### EXCERPTED RECORDS
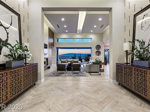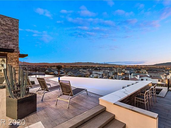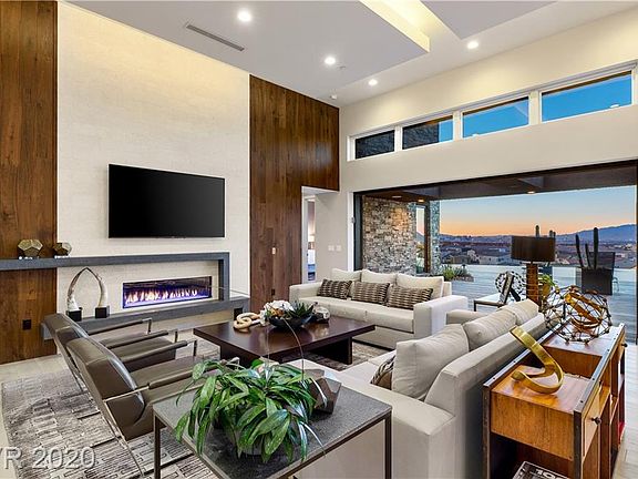 Former model home exquisite luxe living in a one-story desert contemporary hideaway in The "Axis" community complete to the tee with ALL of the builder's upgrades on the neighborhood's premier lot w/completely unobstructed views of the Las Vegas Strip! Entry invites you to an expansive open concept living room leading to disappearing pocket doors into an entertainer's ultimate dream backyard featuring an infinity pool/spa, patio deck w/poolside bar, built in entertainment center w/outdoor TV, and much more. Kitchen features huge leathered granite island, Gaggenau stainless steel appliances, quartz counters, wine fridge, walk in pantry, and soft close cabinets & drawers. Complete movie theatre including surround sound, brand new projector, custom lighting, seating, and wet bar w/wine dispenser. Dazzling master bedroom overlooks Las Vegas strip and leads directly to spa. Home temperature, pool, lighting, audio, video/security through out home all compatible to smart phone.
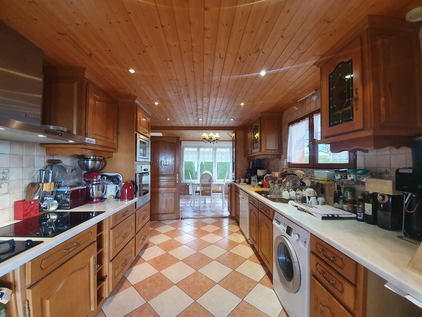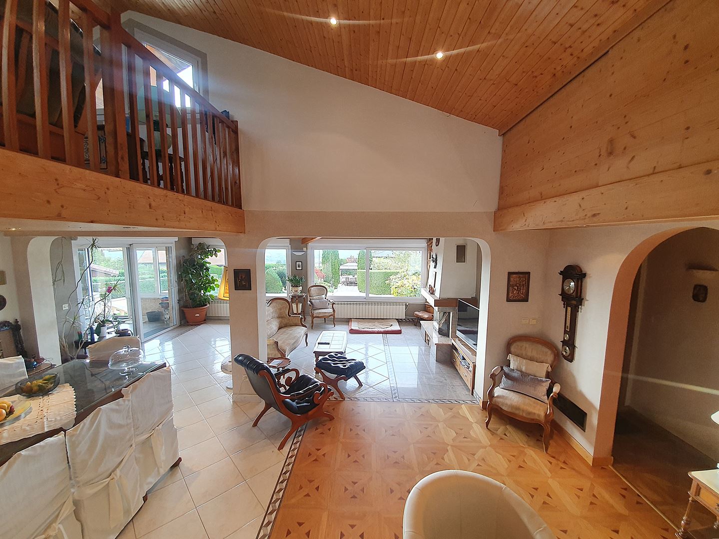Le rez-de-chaussée supérieur comprend un hall d'entrée avec un aménagement de placards intégrés sur mesure, un WC visiteur, une spacieuse cuisine équipée traversante avec un coin repas côté Est et une agréable véranda côté Ouest plongeante sur le parc et sa piscine ; la pièce de vie de 60 m² entièrement vitrée bénéfice d'une vue panoramique sur le lac et les montagnes, ce lumineux salon/séjour avec cheminée est agrémenté d'une mezzanine offrant un espace détente.
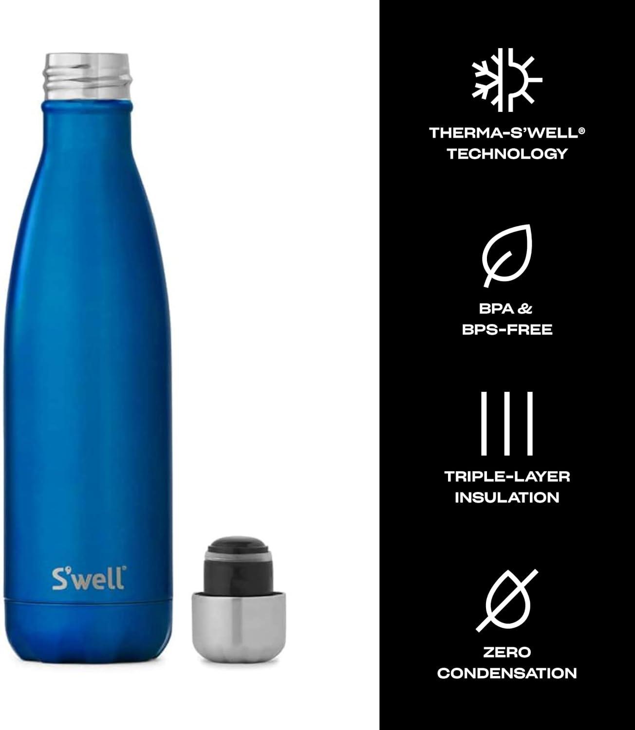 S’well Stainless Steel Water Bottle, 17oz, Ocean Blue, Triple Layered Vacuum Insulated Containers Keeps Drinks Cold for 36 Hours and Hot for 18, BPA Free, Perfect for On the Go(Ocean Blue)
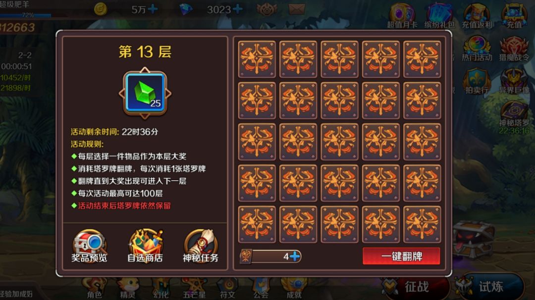 首先不要把钻石全抽完,钻石需要你留着做每日任务 其次,这个活动结束后塔罗牌可以保留,且爬的层数越高奖励越丰厚 那我们就需要一定的留卡意识,在缺金币的情况下你可以抽几发换金币来转转化宝石,其余情况尽量留卡 这个每日任务是消耗2000钻石,领取10张卡,那么塔罗牌就不需要你刻意的去买,你完全可以在做日常活动的时候花两千钻石出去攒卡,基本上每日快速战斗三次花三百钻石,买一次精灵神殿150钻石,抽宠物十连
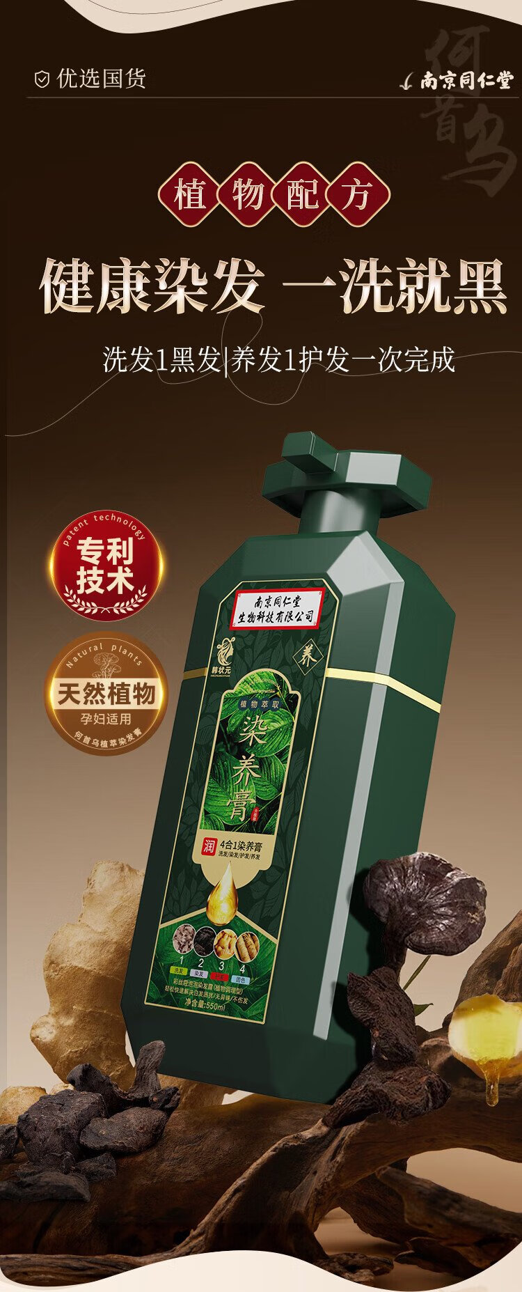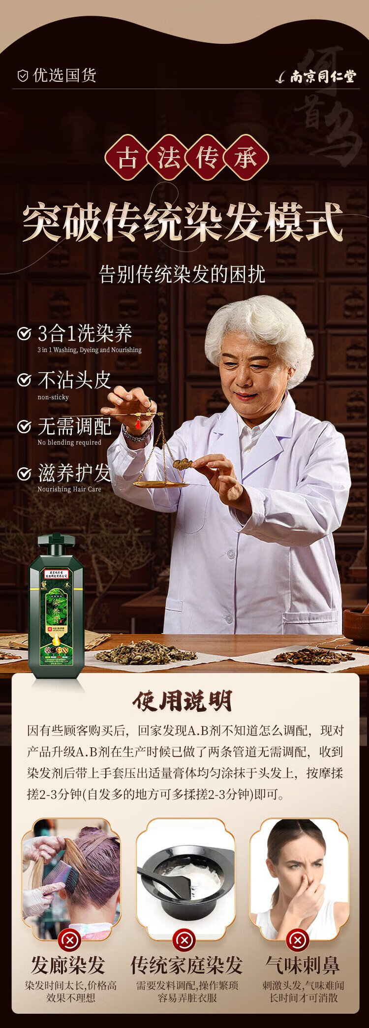 Korean Zhuangyuan hair dye, pure natural plant hair dye, covers white hair, does not fade, does not irritate, does not stick to the scalp, chestnut brown
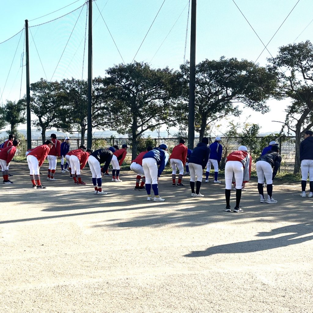 12月6日に中学生硬式体験会を知多翔洋高校グランドで行いました。大府東高校も含めた3校で中学生と共に硬式野球をしました。知多地区に残って高校野球をやってくれたら…という願いもあります。
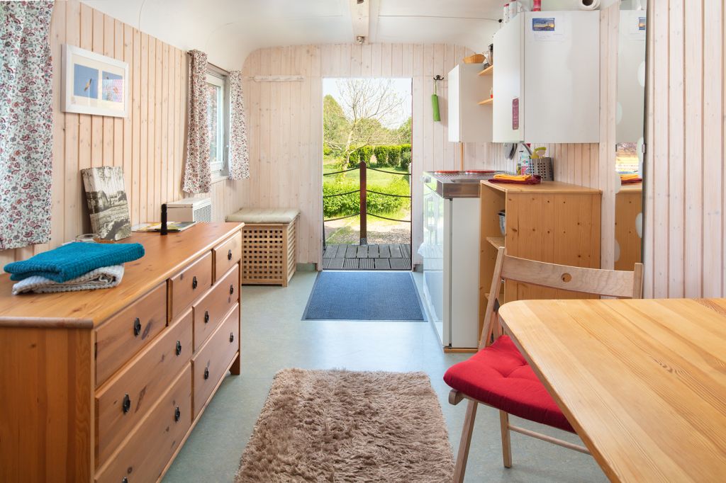 De ca. 18 m ² grote bouwwagen biedt een gezellige overnachtingsplek voor maximaal twee personen in een 1.40 m breed slaapbed in zowel de zomer als de winter. In de wagen bevindt zich een uitgeruste pantrykeuken met 2-pits fornuis, een koelkast en warm water. Het bed is ongeveer 140 x 200 cm met een paar centimeter 'lucht' aan het hoofd- en voetuiteinde. Naast de trailer is er een geurneutraal composttoilet. De badkamer is in ons huis en moet met ons worden gedeeld.
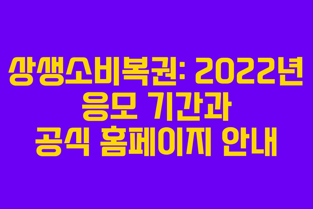 아래를 읽어보시면 2022년 상생소비복권의 응모 기간, 대상 및 장소, 당첨 구조, 업로드 방법과 문의처를 한눈에 확인할 수 있습니다. 공식 홈페이지 주소도 함께 정리했습니다.
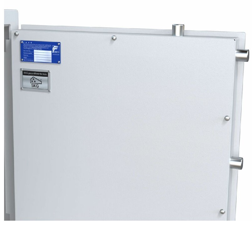 Standaard uitgevoerd met EN 1300 gecertificeerd dubbelbaard klavierslot met 2 sleutels.
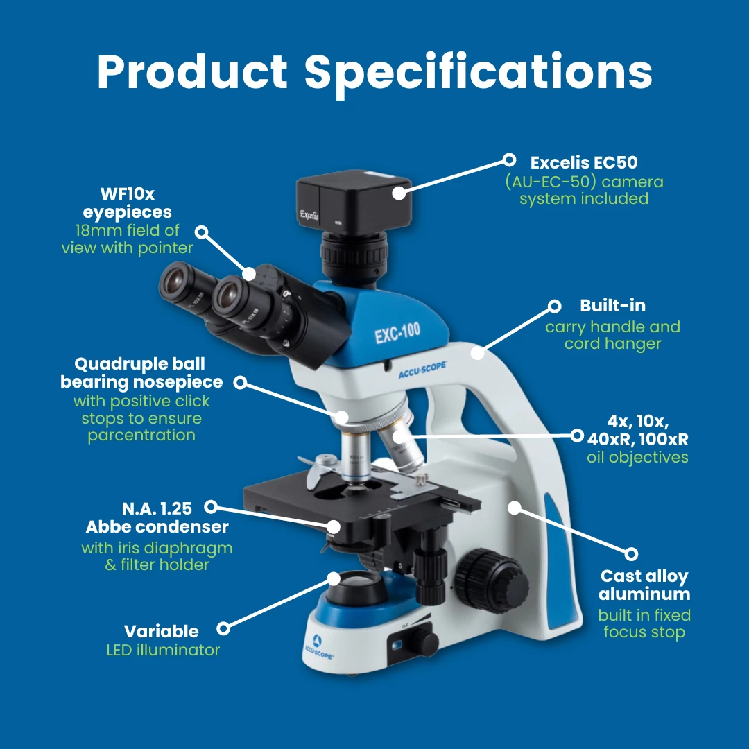 - GREAT IMAGES || Ideally suited for the classroom environment, the EXC-103-EC50 Microscope provides clear images during observation, with front lens surfaces that are flush and easy to clean. The achromat 4x, 10x, 40xR*, and 100xR* oil immersion DIN objectives provide 40X-1000X magnification. Variable LED control with Abbe condenser and iris diaphragm delivers bright, even illumination for excellent image contrast
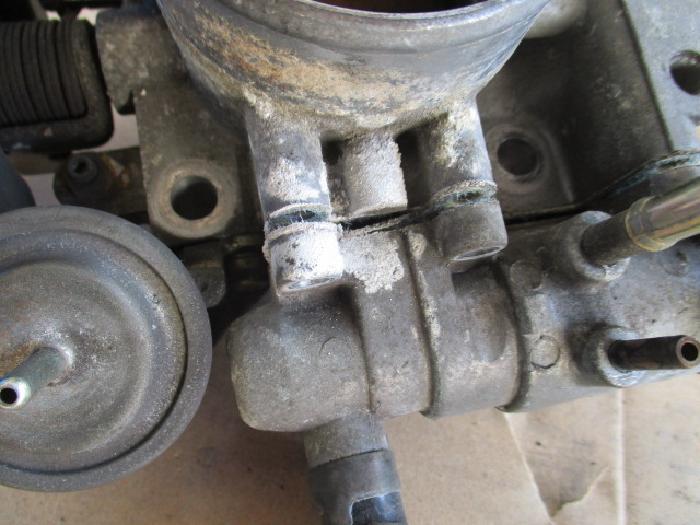 それからスロットルボディに付いているバルブから水漏れの跡があり
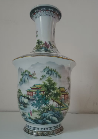 大清乾隆粉彩山水图纹瓶

### WHAT YOU HAVE TO DO
Say again, word for word, every line from the one with "아래를 읽어보시면 2022년" through the last line of the data above, minus the pictures.

### SOLVED PROBLEM
 아래를 읽어보시면 2022년 상생소비복권의 응모 기간, 대상 및 장소, 당첨 구조, 업로드 방법과 문의처를 한눈에 확인할 수 있습니다. 공식 홈페이지 주소도 함께 정리했습니다.
 Standaard uitgevoerd met EN 1300 gecertificeerd dubbelbaard klavierslot met 2 sleutels.
 - GREAT IMAGES || Ideally suited for the classroom environment, the EXC-103-EC50 Microscope provides clear images during observation, with front lens surfaces that are flush and easy to clean. The achromat 4x, 10x, 40xR*, and 100xR* oil immersion DIN objectives provide 40X-1000X magnification. Variable LED control with Abbe condenser and iris diaphragm delivers bright, even illumination for excellent image contrast
 それからスロットルボディに付いているバルブから水漏れの跡があり
 大清乾隆粉彩山水图纹瓶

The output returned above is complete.